Protect the Adirondacks and the Sierra Club announced Monday they have submitted a formal request to the APA asking it to tell the ACR it can't issue final permits since it hasn't met the conditions required with its approval.
They argue that Preserve Associates, the development group proposing the project, hasn't completed conditions requiring them to complete a number of studies and revised plans. They noted that none of the 14 draft permits have had final permits issued for them yet, no extensions or modifications have been sought, and no filings of additional information have been made by the ACR.
The APA Act calls for approvals subject to conditions to expire in six months if the conditions related to the approval are not met, the groups say.
"The order is clearly an 'approval subject to conditions,'" Protect attorney John Caffry wrote in a Sept. 5 letter to the APA.
He said in a press release that for the project to move forward, developers need to start the entire permitting process - which has lasted eight years by now - over from the beginning.
But APA spokesman Keith McKeever said the six-month requirement is the standard, but the law allows for specifying another timeline, which he said was done in the ACR's project order.
"In this case, because it's a phased project going over a long period of time ... we have a 10-year time period," McKeever told the Enterprise. "It's right on page one, paragraph two of the project order."
THE ADIRONDACK CLUB AND RESORT, proposed by a Pennsylvania-based investment group called Preserve Associates, would overhaul the Big Tupper Ski Area in Tupper Lake and build out the land around it with about 700 luxury housing units and various amenities including a spa, a marina and an equestrian center. The project received permits from the state Adirondack Park Agency on Jan. 20 after eight years of negotiating, reworking the application and an extensive adjudicatory hearing.
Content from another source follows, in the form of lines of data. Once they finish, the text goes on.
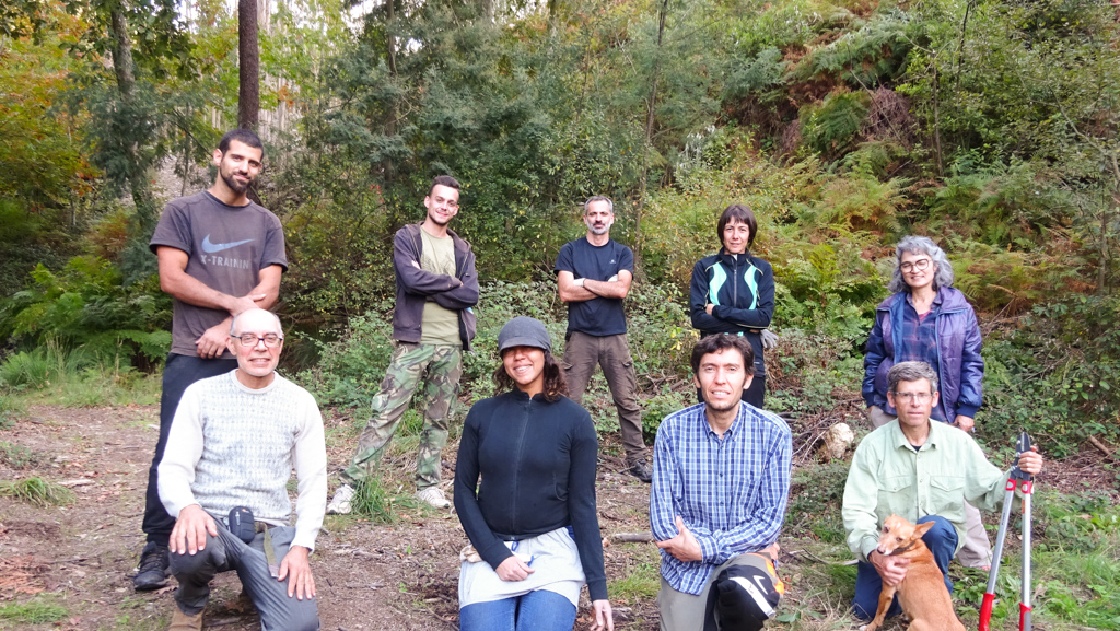 Foi assim, num panorama ainda desolador, mas já com sinais de recuperação, que se desenvolveu esta jornada. Os sinais de recuperação mais evidentes estão, é claro na várzea da Chousa e na pequena várzea a montante, esta onde as plantas de origem seminal e também as plantadas acabaram de resistir à primeira provação: o seu primeiro Verão. Mas também na zona intermédia, entre mimosas a rebentar e a germinar, entre a confusão das ramadas secas e o cerco do silvado, se encontram carvalhos a surgir, sobretudo de provável origem seminal, mesmo ninguém se tendo lembrado de as semear aqui! Por isso o progresso dos trabalhos se faz aqui com mil cuidados, para não afectar esses primeiros sinais de renascimento.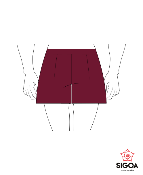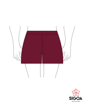 Pantaloncino con cuciture sulla parte davanti, in tessuto lycra di colore bordò.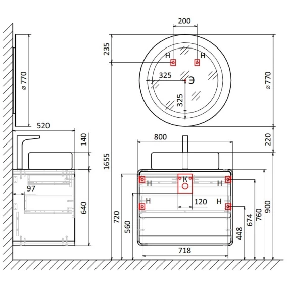 Механизм доводчика, Ящик, Полочка, Столешница, Тумба под раковину, Раковина
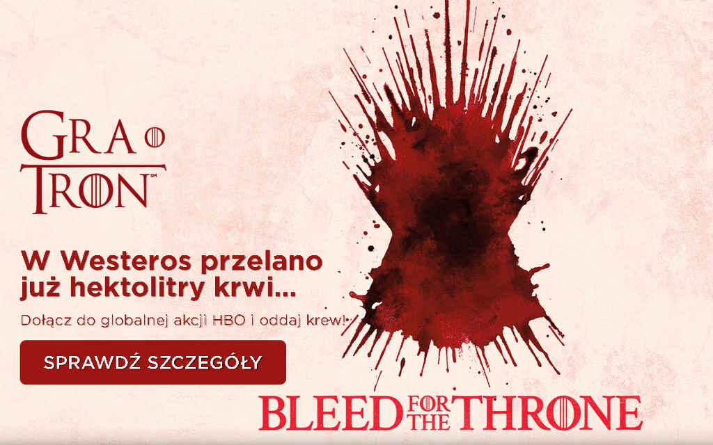 W ciągu siedmiu minionych sezonów niejeden z bohaterów Gry o tron przelał krew. Wielu z nich oddało wręcz dla tronu życie… Teraz, w przededniu premiery ósmego, finałowego sezonu tej kultowej produkcji, HBO zachęca wszystkich, nie tylko jej najbardziej zagorzałych fanów, do połączenia sił i wspólnego zaangażowania się w akcję, która ma na celu zebranie jak największej ilości krwi ratującej życie. Wszystko pod nazwą Bleed For The Throne – oddaj krew!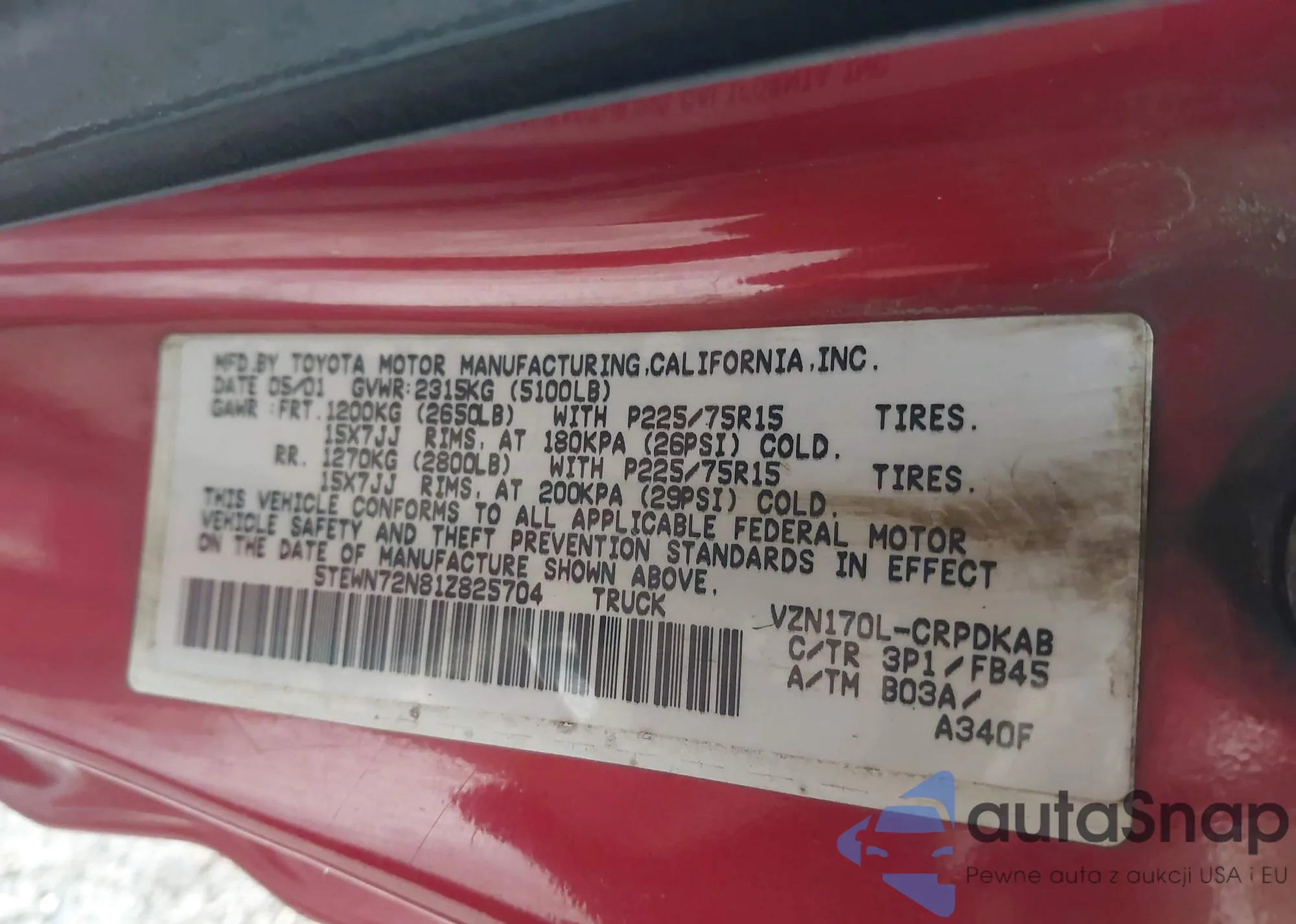 • VIN 5TEWN72N81Z825704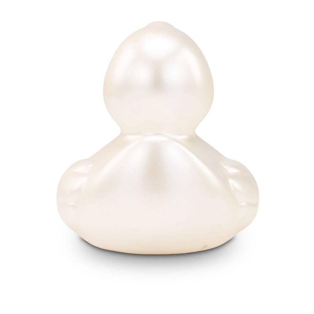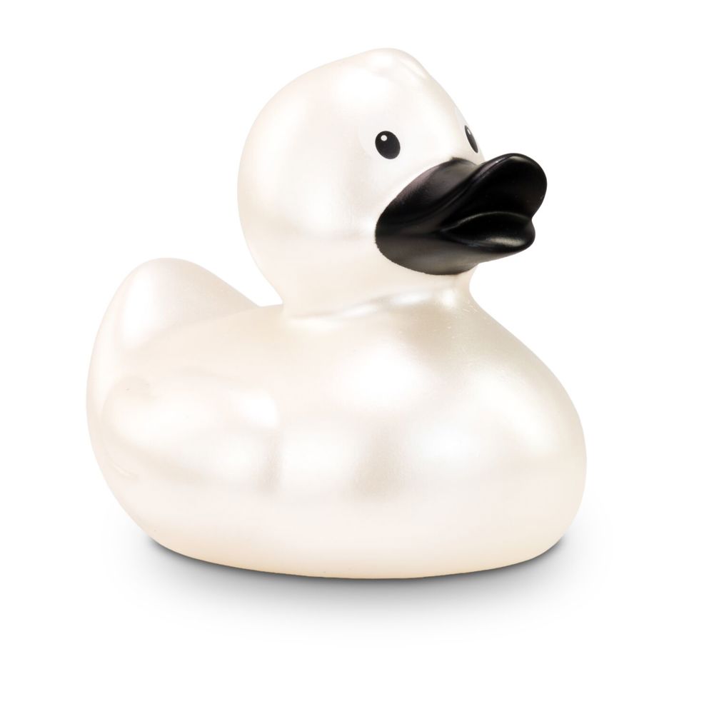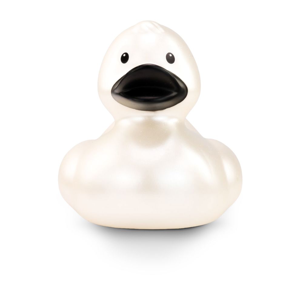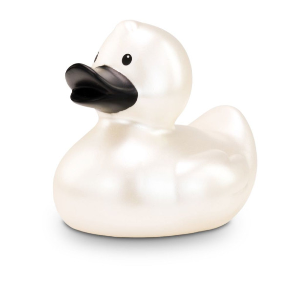 Pia Perlmutt captivates with her dazzling, iridescent shine. She proudly wears a pearlescent plumage and an elegant black beak. As a timeless beauty, she attracts the envy of many female ducks. With her shapely, timeless body, she is a rubber duck classic. She has many big and little siblings, also in other colors. Size: approx. 8 cm. Includes squeaker valve.
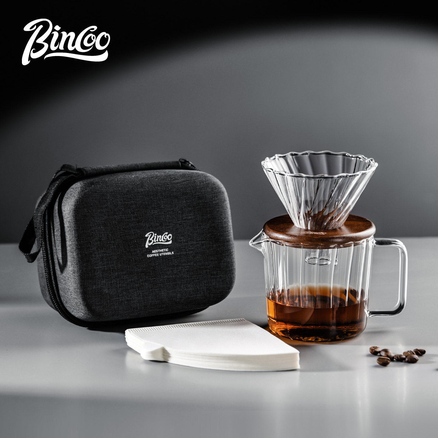Bincooハンドパンチコーヒーポットシェアポットガラスv60フィルターカップドリップフィルター濾紙ハンドパンチコーヒーセット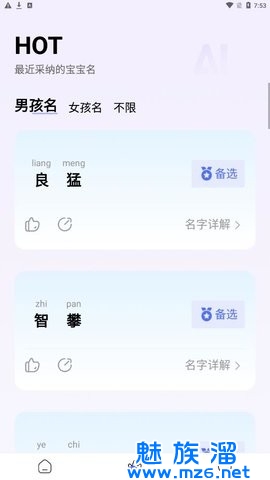 童牧起名,不错的一款取名字的软件,使用人工智能来取名,引经据典,中华文化的汉字,有着很深刻的含义的,这里会根据各个的情况,出生日期,生辰八字,属性等等全方面的考虑宝宝的名字,你可以选择一个你喜欢的,信息也是比较全面的。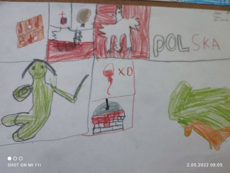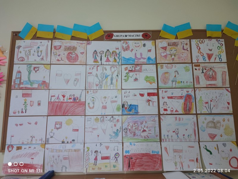 Grupa MACZKI, aby uczciÄ „DzieĹ Flagi” i „Konstytucje 3- Maja” narysowaĹy przepiÄkne rysunki patriotyczne z uwzglÄdnieniem róşnych symboli narodowych.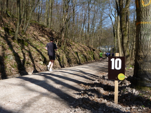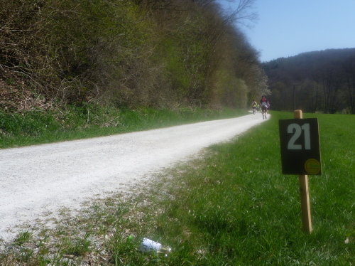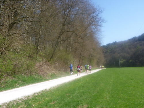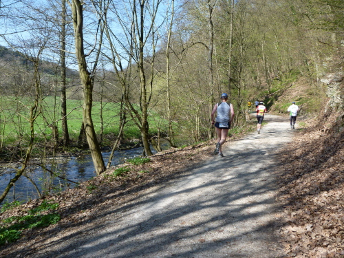 Nach dem leichten Anstieg zuletzt laufen wir jetzt wieder abwärts, um dann unmittelbar dem Flusslauf zu folgen. Die negative Höhendifferenz von 140 Metern bis hierher ermöglicht mir trotz der Anstiege eine ganz „normale“ Zwischenzeit, ohne dass ich es darauf anlege. Ich genieße den strahlenden Sonnenschein bei genialer Temperatur in herrlicher Landschaft und angenehmer Gesellschaft.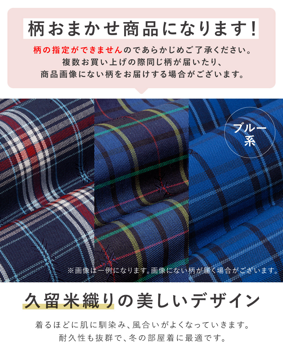 半纏 メンズ はんてん 大判 ロング 綿入り 冬 あったか 男性 柄おまかせ 青 チェック 久留米織 手づくり 先染め 光延織物 ハンテン 日本製 3L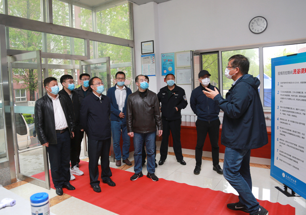 在校期间,督导组一行实地考察了学校疫情防控物资储备、校门管控、师生就餐、隔离区设置、医疗保障等情况。
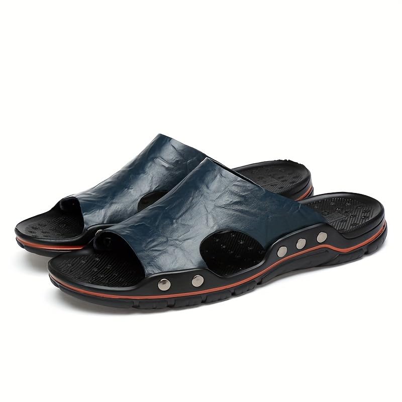 Plus Size Men's Trendy Open Toe Summer Slides with Split Leather Uppers, Wear-Resistant Slip On Beach Slides for Outdoor Walking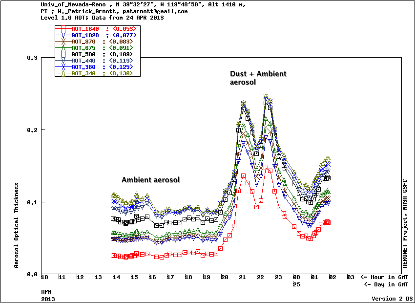 with the UNR Cimel sunphotometer as part of the NASA AERONET network.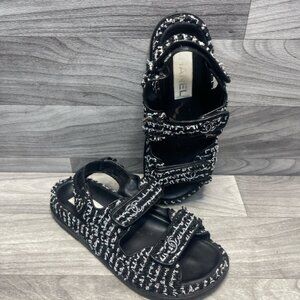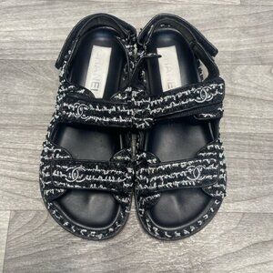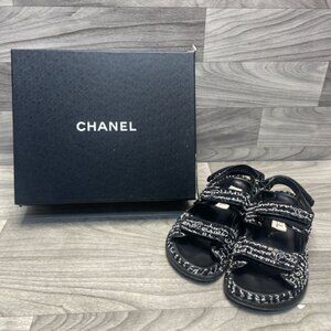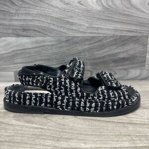 CHANEL Dad Sandals in black & white tweed, size 38 (US 8). Features iconic double C logo on straps. Comes in original box. Pre-owned with signs of wear (see photos), Step into luxury with these iconic CHANEL Dad Sandals in black and white tweed. Designed with comfort and style in mind, they feature the signature interlocking CC logos across all three Velcro straps and a soft leather footbed. These are size 38, which fits like a US 8. These sandals are pre-owned and do show wear, primarily on the insoles and soles.

In March, two environmental groups and three nearby landowners filed a lawsuit to challenge the APA's decision. That suit is working its way through state courts.
In addition, the project must also obtain a number of other approvals, including from the state departments of Environmental Conservation and Health, the U.S. Army Corps of Engineers and the local town-village planning board.
"With all due respect to Keith, he is wrong," Caffry wrote in an email to the Enterprise.
He argues that the 10-year period only comes into play once the permits are issued, and they haven't been yet. That means the provision for conditional approval must be followed, which means the developers had six months to complete any conditions.
Lead ACR developer Michael Foxman called the move a delay tactic and said it's the other way around. He suggested Caffry is intentionally confusing the project order and the decision to approve the project with the project's permits. He argues the decision was not conditional while the permits have conditions in them.
"What Caffry has done is taken a time period that applies only to a conditional order and tried to apply it to an unconditional order," Foxman said. "There are a lot of things that have to be done before conveyance, but those aren't conditions. The conditions that most of what you're thinking about ... are the conditions in the individual 14 permits, but they are not conditions to the APA decision. They are conditions of the permits that will be granted when we apply for them."
Foxman said he believes the issue is an attempt by Protect and the Sierra Club to create doubt in the community about the project and to further delay it.